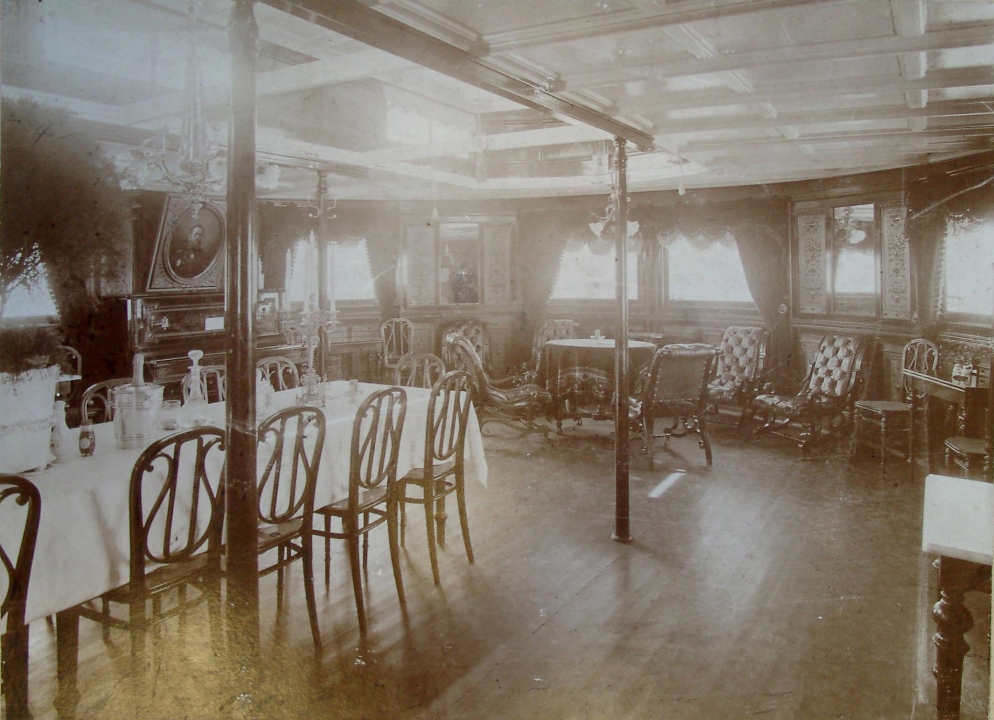 Интерьер столовой 1-го класса парохода "Геннадий Ратьков-Рожнов".
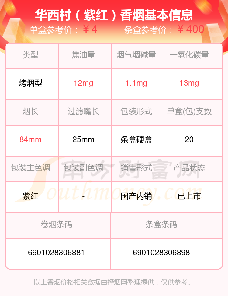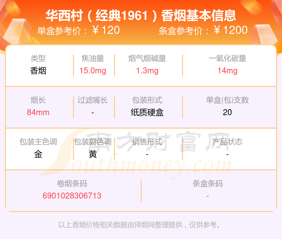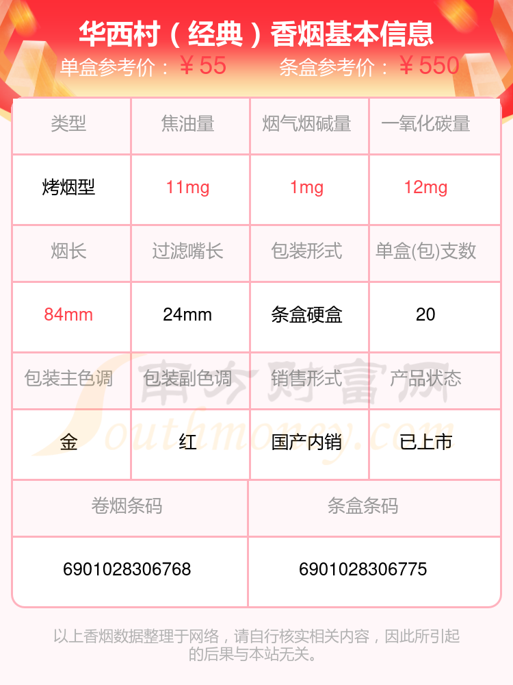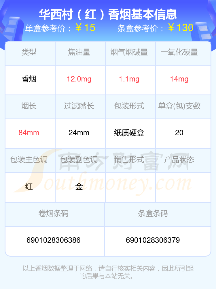 華西村香煙煙堿1mg到2mg的煙有華西村(經(jīng)典1961)、華西村(金)、華西村(佳品)、華西村(紫紅)、華西村(紅)、華西村(經(jīng)典)等,具體價(jià)格如下:
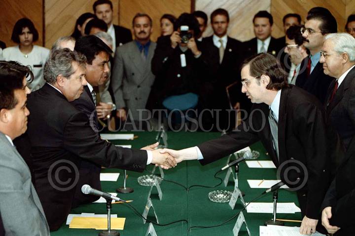 Amalia García presidenta del PRD y Cuauhtémoc Cárdenas candidato presidencial durante el encuentro con la Asociación Nacional de Autoridades Locales de México del PRD.
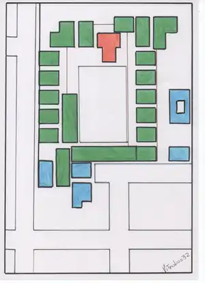 En color verde, pabellones médicos fundados en 1912 y años sucesivos.
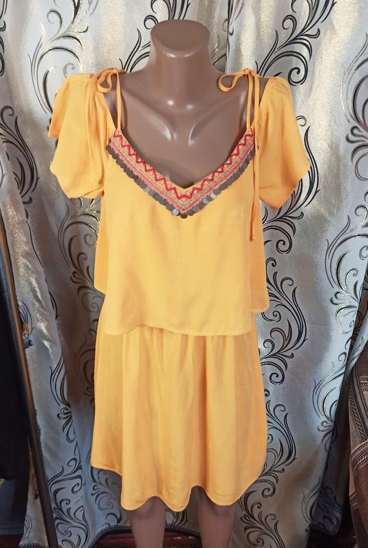 Літня легка сукня з віскози george Розмір - UK 10 EUR 38. Заміри: - напівобхват грудей 49 см, - напівобхват талії 36-42 см, - напівобхват стегон 59 см, - довжина 92 см. Склад: 100% віскоза Талія на резинці У стані нової речі
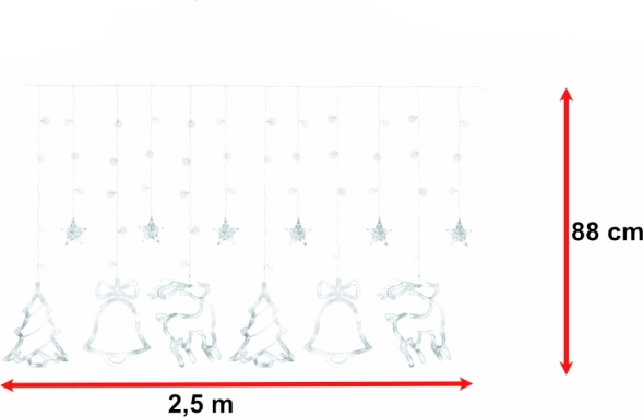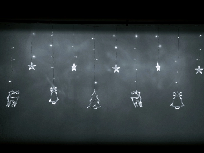 Ustvarite doma čarobno praznično vzdušje z zaveso z motivi severnega jelena, drevesca, zvezde in zvončka. 138 LED v odtenku hladno bela nežno osvetli notranjost, ponuja 8 svetlobnih načinov in zahvaljujoč omrežnemu napajanju sveti brez skrbi z baterijami. Robustni kabel zagotavlja dolgo življenjsko dobo, praktični povezovalni konektorji pa omogočajo združevanje več kompletov skupaj.
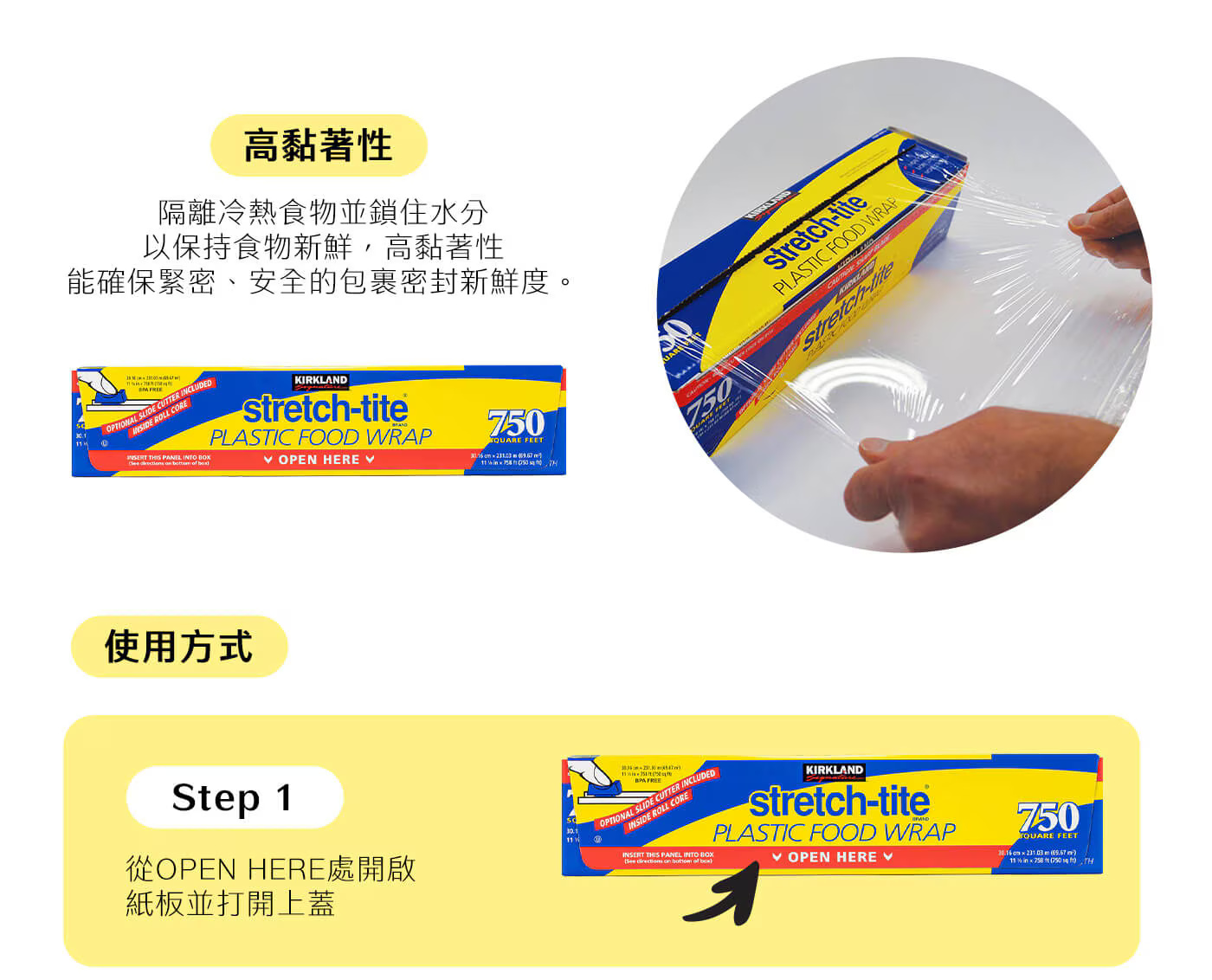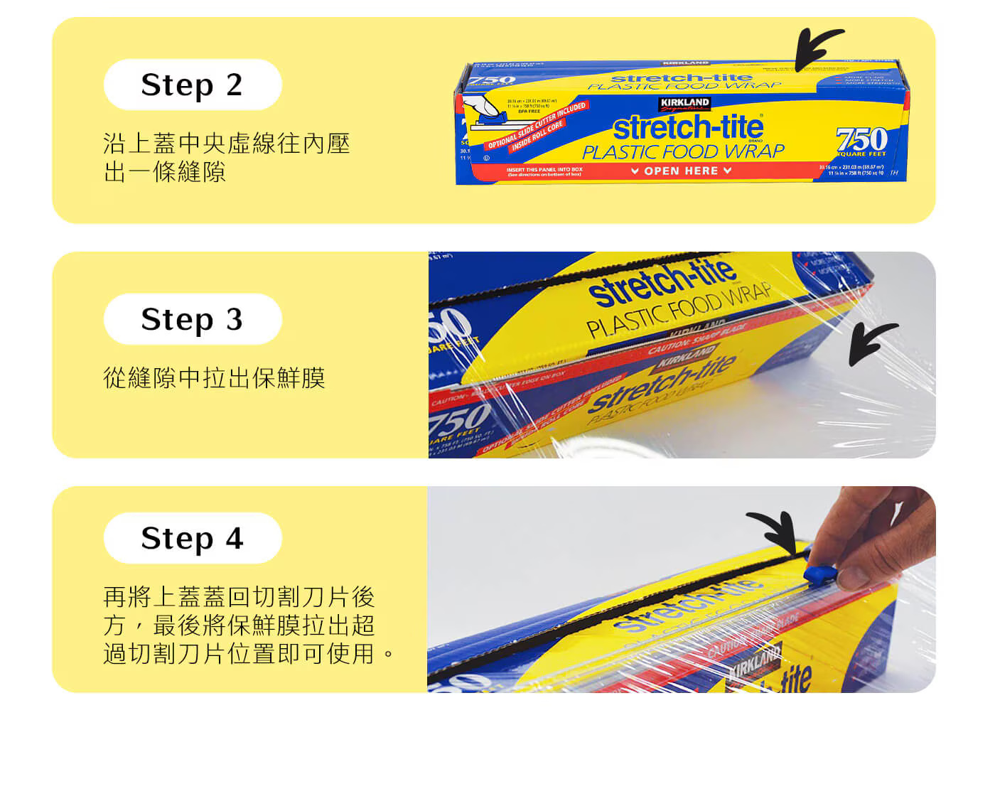 1. 使用固定式切割刀片:從OPEN HERE處開啟紙板並打開上蓋,沿上蓋中央虛線往內壓出一條縫隙,從縫隙中拉出保鮮膜,再將上蓋蓋回切割刀片後方,最後將保鮮膜拉出超過切割刀片位置即可使用。
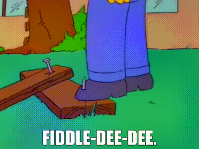 I love this whole episode. Impales his foot through a nail after smashing his thumb with a hammer and lets go a fiddle dee dee.
============================================================
→ GOAL OF THE EXERCISE
Transcribe the material above word for word; images do not belong in the copy.

→ EXERCISE OUTPUT
 Интерьер столовой 1-го класса парохода "Геннадий Ратьков-Рожнов".
 華西村香煙煙堿1mg到2mg的煙有華西村(經(jīng)典1961)、華西村(金)、華西村(佳品)、華西村(紫紅)、華西村(紅)、華西村(經(jīng)典)等,具體價(jià)格如下:
 Amalia García presidenta del PRD y Cuauhtémoc Cárdenas candidato presidencial durante el encuentro con la Asociación Nacional de Autoridades Locales de México del PRD.
 En color verde, pabellones médicos fundados en 1912 y años sucesivos.
 Літня легка сукня з віскози george Розмір - UK 10 EUR 38. Заміри: - напівобхват грудей 49 см, - напівобхват талії 36-42 см, - напівобхват стегон 59 см, - довжина 92 см. Склад: 100% віскоза Талія на резинці У стані нової речі
 Ustvarite doma čarobno praznično vzdušje z zaveso z motivi severnega jelena, drevesca, zvezde in zvončka. 138 LED v odtenku hladno bela nežno osvetli notranjost, ponuja 8 svetlobnih načinov in zahvaljujoč omrežnemu napajanju sveti brez skrbi z baterijami. Robustni kabel zagotavlja dolgo življenjsko dobo, praktični povezovalni konektorji pa omogočajo združevanje več kompletov skupaj.
 1. 使用固定式切割刀片:從OPEN HERE處開啟紙板並打開上蓋,沿上蓋中央虛線往內壓出一條縫隙,從縫隙中拉出保鮮膜,再將上蓋蓋回切割刀片後方,最後將保鮮膜拉出超過切割刀片位置即可使用。
 I love this whole episode. Impales his foot through a nail after smashing his thumb with a hammer and lets go a fiddle dee dee.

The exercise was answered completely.